Pick's disease (PD) is characterized by severe neuronal loss and gliosis in a frontotemporal lobar distribution, often associated with Pick bodies and ballooned neurons. Abnormal tau metabolism has been implicated in the pathogenesis of PD; however, the underlying mechanism of neuronal degeneration remains poorly understood. Evidence from other neurodegenerative diseases has suggested that DNA damage and apoptosis may play a major role in cellular degeneration and death. In the present study, an in situ nucleotidyl transferase assay (ISNTA) was used to identify DNA fragmentation in three cases of classical PD with Pick bodies and ballooned neurons, and two PD "variants", one with ballooned neurons only and the other without Pick bodies or ballooned neurons. In all cases large numbers of ISNTA-positive neurons were present in anatomic regions having obvious degenerative changes (neuronal atrophy and loss, gliosis, cytoplasmic inclusions) by conventional histology. There was no clear association between neuronal DNA fragmentation and the presence of structural abnormalities such as Pick bodies or ballooned cytoplasm. ISNTA-positive glia were present in both cortex and subcortical white matter. Morphologic evidence of apoptosis was not detected in either neurons or glial cells.

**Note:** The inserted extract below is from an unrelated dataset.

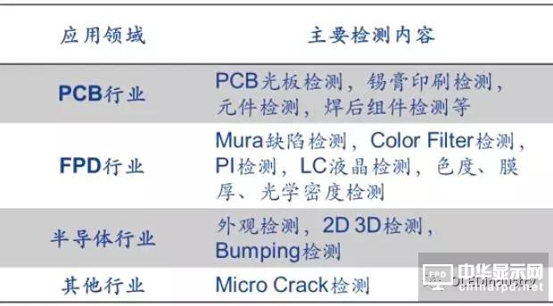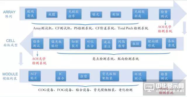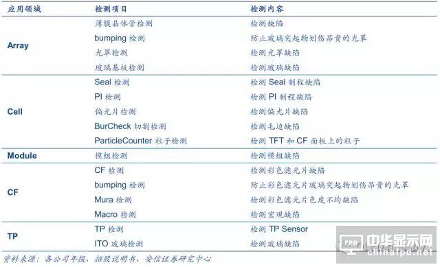 面板制造可分為 Array 、Cell 、Module 三道工序,三道工序均需要引入 AOI 檢測設備 ,且每一制程要求的檢測項目各不相同,需 根據應用場景 對設備進行針對性的開發(fā)。

We suggest that DNA fragmentation in PD and probably other neurodegenerative disorders most likely specifies a population of potentially vulnerable cells in which both cell death and repair mechanisms have been activated. It is likely that only a very small number of these vulnerable cells at a given time will proceed to cell death; however, it is uncertain whether this occurs by apoptosis or some other mechanism.